Tourgueniev a écrit une nouvelle intitulée "Eau de framboise". Ce nom désigne une source qui se jette dans la rivière Ista. Nous retrouvons le chasseur-narrateur en une chaude journée d'été. Il rencontre deux vieillards appelés Stiopouchka et Mikhaïl Savélitch, alias "Brouillard". Le premier assiste le second dans sa partie de pêche. Stiopouchka est un être peu considéré par sa communauté. Il mène une existence de marginal. "Brouillard" était majordome avant d'être émancipé par son maître, le Comte Piotr Ilitch. Pour vanter la « fastueuse hospitalité » du comte, le narrateur nous parle de ses musiciens et de leur « bruit assourdissant » (p. 100). Nous apprenons un peu plus loin que l’orchestre comptait quarante musiciens. C’est « Brouillard » lui-même qui apporte cette précision.  

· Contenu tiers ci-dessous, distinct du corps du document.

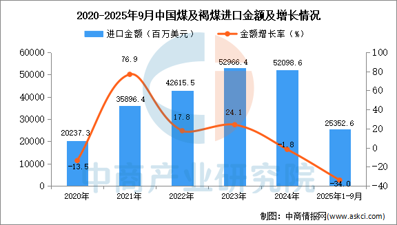 2025年9月中國煤及褐煤進口量及金額增長情況

Cette évocation nous entraîne sur le terrain de l’anecdote. L’orchestre était dirigé par un maître de chapelle venu spécialement d'Allemagne (p. 103). Le jour où le malheureux se mit en tête de « manger à la table des maîtres », il fût congédié. (Quel était le statut social du musicien ?) Puis des guillemets apparaissent ; Mikhaïl Savélitch semble citer son maître : « Mes musiciens connaissent leur affaire ; ils s’en tireront bien sans lui ». À en croire le comte, l’orchestre n'avait nul besoin de direction. Puisque l'anecdote s'arrête là, on peut s'imaginer que les musiciens se sont bien accommodés de cette absence, mais comment en être sûr ? « Evidemment, quand le maître veut… » conclut l’ancien serf.

Brouillard doit au comte son émancipation, mais fait aussi le récit de sa sévérité, de son dévouement à ses maîtresses, de sa ruine. Brouillard, rappelons-le, est en discussion avec le narrateur, de rang supérieur au sien. Au décalage social s’ajoute le décalage générationnel.

Vient un quatrième personnage, un vieil homme nommé Vlass. Il est sans ressources depuis la mort de son fils. Pourtant, il doit payer sa redevance et ne peut malheureusement compter sur la clémence de son maître, le comte Valérien Pétrovitch, fils de Piotr Ilitch. Il livre son récit avec dignité même s’il a du mal à cacher son désespoir. Stiopouchka tente de lui prodiguer un conseil mais abandonne au bout de quelques mots. Après quelques phrases échangées entre Vlass et Brouillard, résonne un chant d'une tristesse "infinie" sur l’autre rive (p. 108). Ce chant, qui n'est jamais identifié, est peut-être la réponse que nul n'arrive à formuler suite au récit du quatrième personnage.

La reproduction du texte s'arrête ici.